I think of Douglass whenever I hear people debating whether systems are more powerful than individuals. The system in which Douglass lived could not have been more hostile. It was designed to limit and punish large swaths of the population. Douglass worked actively and incessantly to change those systems. In addition to being a national leader in the abolitionist movement, he also participated in The Underground Railroad and fought for women’s suffrage. His life was devoted to changing the systems that kept people oppressed.
But if Frederick Douglass’s life taught me anything it’s that no system, no matter how backward and corrupt, is more powerful than an individual aligned with themselves and their own inherent creative power. While I was struggling to find success as a writer, it was the niggling belief that the publishing world, the array of gatekeepers and business types, were the problem, that the system in which I was hoping to thrive contained Byzantine and capricious rules for entry.
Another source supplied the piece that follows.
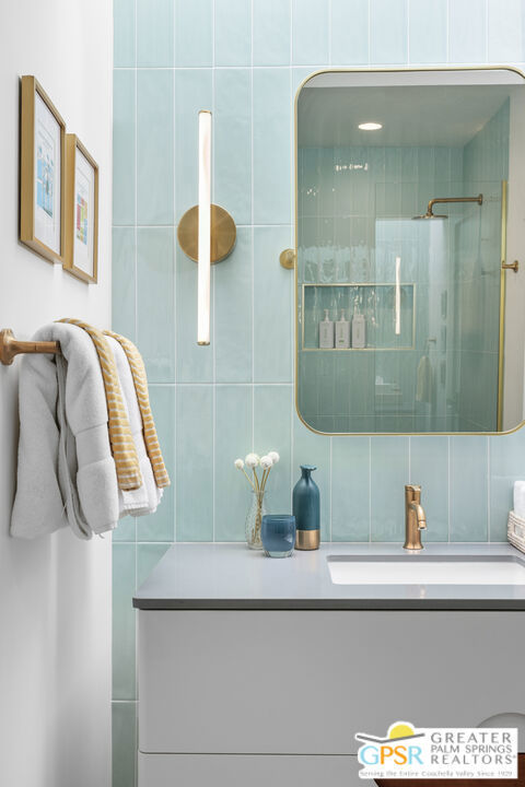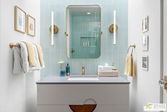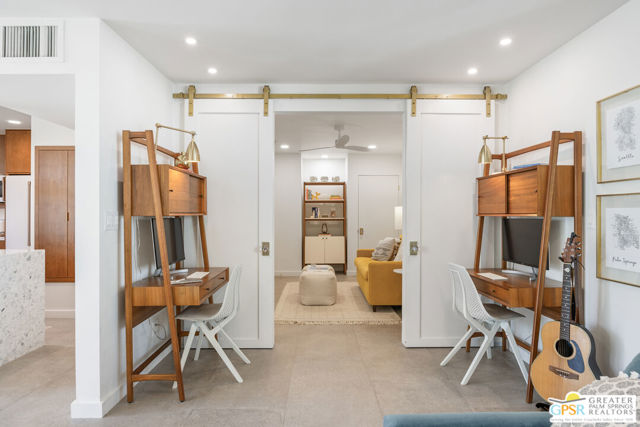 Welcome to mid-century living in the iconic Sandcliff Community, where vintage charm meets modern luxury. This fully remodeled condo was transformed top to bottom in 2023, blending historical character with today's must-have upgrades. Inside you'll find a brand new tankless hot water heater, all-new eco-protective windows and sliders that frame stunning mountain views, and high-end appliances throughout, including MCM-style GE Cafe appliances in the kitchen. Fresh flooring, beautifully updated kitchen and bathrooms, and sleek hardware elevate the space while preserving its authentic mid-century character. The versatile den easily converts into a second bedroom or guest room, and three private patios offer the perfect spots for morning coffee, sunset cocktails, or simply enjoying the desert atmosphere. Located in South Palm Springs with two community pools and spas, you're minutes from world-class hiking, shopping, and dining. This property is listed on the National Historic Registry and as a Class 1 Historic District in the City of Palm Springs, and benefits from an active Mills Act Contract with significantly reduced property taxes. As an added bonus, this home is offered fully furnished to the buyer with the right offer. Schedule your private tour and discover why Sandcliff is the perfect place to call home.

It was a depressing and hopeless thought, but I struggled on anyway against its oppressive current.
The rules for entry turned out to be much simpler than I had long feared. I spend a fair amount of time talking to other authors now, and some of them will complain about the publishing world and how it treats writers. They complain about agents and advances and reviewers and Amazon. They complain that the system has changed too much and that it isn’t changing fast enough. I try to avoid complaining since I know I won’t be the one to change publishing. I can only control what I write and how I share what I’ve written.
I believe that’s enough. It’s enough for writers and enough for anyone who wants to create anything, from a business to a political movement. As I said, I’ve never read Frederick Douglass’s work, but I would not be surprised if I were to find this eternal truth within his writings, that our creative drive was not meant to be nor can it be enslaved by anything as transitory as our ever-changing laws and institutions.